Copy out each line of the material exactly. Pictures do not belong in the copy.

* [Input data]
- - -

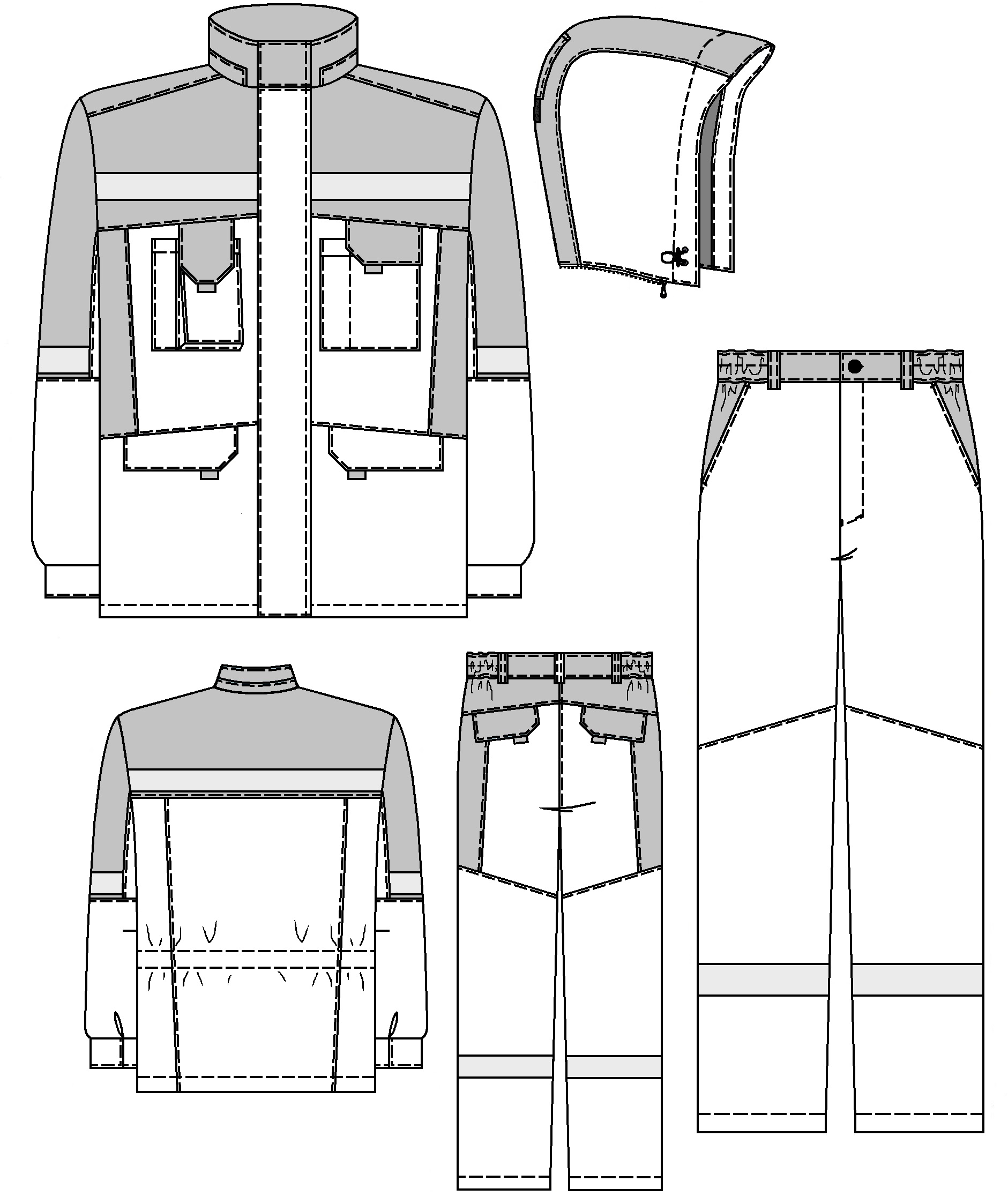 Передние половинки с боковыми карманами с отрезным бочком и наколенниками.
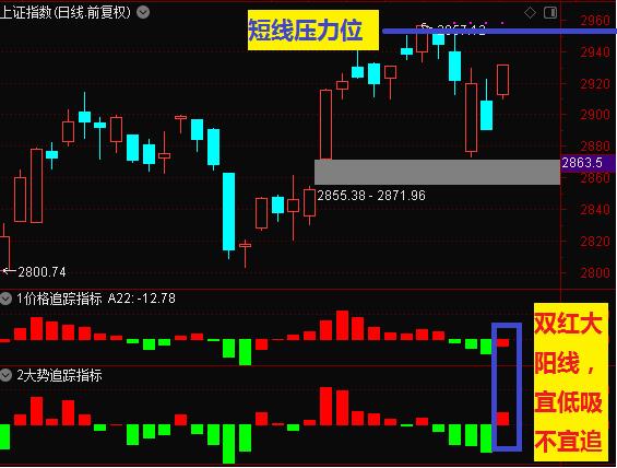 今天双红,但这个双红大阳线把涨幅有所透支,再加上上涨不放量,所以明后天可能面临调整走势。所以在震荡形态中,特别是在上轨处,要重视双绿下跌信号,适当忽略双红上涨信号。
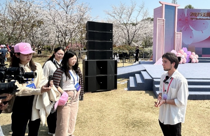 此次我校留学生参与国际赏樱周活动,分别获得《无锡日报》、《无锡发布》等官方媒体的关注和报道,进一步提升了学校在国际教育领域的影响力。在活动现场,我校乌兹别克斯坦籍2024级国际经济贸易专业学生ODILOV FAYZ作为唯一一名在锡留学生代表接受《无锡日报》采访。他表示:“无锡是一座开放包容的城市,这里的樱花不仅美丽,更象征着和平与友谊。我将借助国际赏樱周的平台,把这份友好情谊传递给家乡的亲人朋友,让更多人了解中国、爱上无锡。”

- - -

* [Your solution]
 Передние половинки с боковыми карманами с отрезным бочком и наколенниками.
 今天双红,但这个双红大阳线把涨幅有所透支,再加上上涨不放量,所以明后天可能面临调整走势。所以在震荡形态中,特别是在上轨处,要重视双绿下跌信号,适当忽略双红上涨信号。
 此次我校留学生参与国际赏樱周活动,分别获得《无锡日报》、《无锡发布》等官方媒体的关注和报道,进一步提升了学校在国际教育领域的影响力。在活动现场,我校乌兹别克斯坦籍2024级国际经济贸易专业学生ODILOV FAYZ作为唯一一名在锡留学生代表接受《无锡日报》采访。他表示:“无锡是一座开放包容的城市,这里的樱花不仅美丽,更象征着和平与友谊。我将借助国际赏樱周的平台,把这份友好情谊传递给家乡的亲人朋友,让更多人了解中国、爱上无锡。”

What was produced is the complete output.